The Very Smart People have proclaimed that the Democratic Party is about to reclaim control of the Maine House of Representatives. This November, according to the VSP, the Democrats, revived and repositioned after their inexplicable defeat in 2010, will rout the Tea-Party wackos and LePage Luddites who helped Republicans gain their first majority in that chamber since whenever it was that humans didn’t evolve from apes.

In theory, this reversion to Dem domination makes sense. The GOP, which currently holds a 78-72-1 edge in the House, won at least a dozen seats in the last election in districts that normally lean to the left. Those won’t be easy to defend, particularly since the elephant party will have to focus its resources on retaining its state Senate majority (20-14-1), leaving little cash to pump into marginal House races. Add to that the big turnout expected in a presidential year, the unpopularity of the Republican governor and the possibility of another same-sex marriage referendum, and there are ample reasons to conclude Maine will again be turning blue.

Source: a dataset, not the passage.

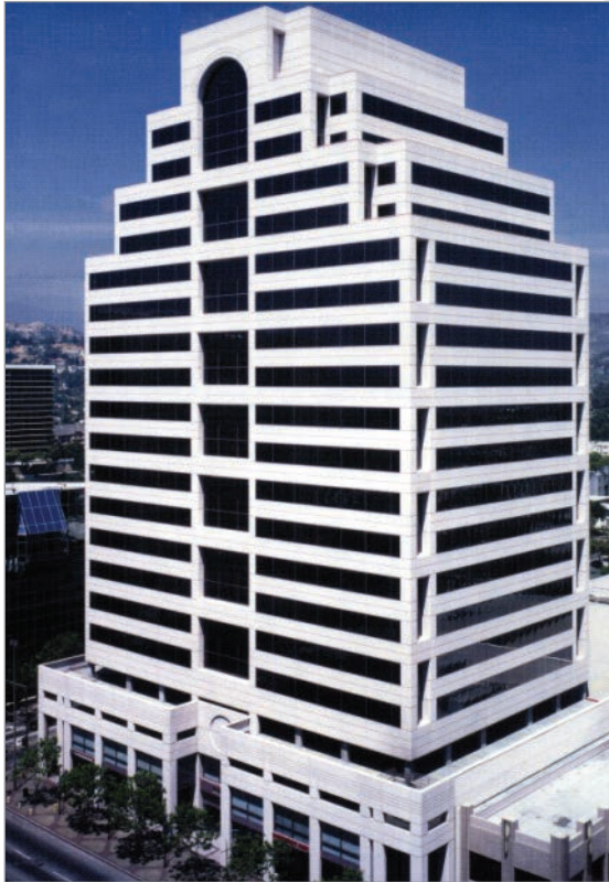
550 North Brand

Of course, that color change could also result from obstructed air passages due to choking.

If somebody performed a political Heimlich maneuver on those gagging voters, what might pop out of their esophagi and plop wetly on the floor are some of the Democrats’ less astute activities. These missteps could hand the GOP the issues they’ll need to mitigate the impact of the loathsome loogies that have regularly spewed from the mouths of Gov. Paul LePage and Republican state chairman Charlie Webster.

Here’s what the donkey party has barfed up:

Democrats support deadbeats. Democratic state Rep. Seth Berry of Bowdoinham told the Capitol News Service that he thinks it’s fine for the state to send rent-relief checks to people who aren’t actually paying their rents. Berry opposes a proposal by GOP state Sen. Debra Plowman of Hampden that would deny circuit-breaker rent-relief payments to tenants who owe their landlords back rent. Asked to justify his negative stand, Berry said that rather than messing with misplaced welfare checks for renters, the state should repeal tax breaks for business that allow some companies to be reimbursed twice for property taxes they didn’t pay to begin with. Berry didn’t explain why Democrats’ failed to eliminate this loophole when they were in power or why his party approved it in the first place.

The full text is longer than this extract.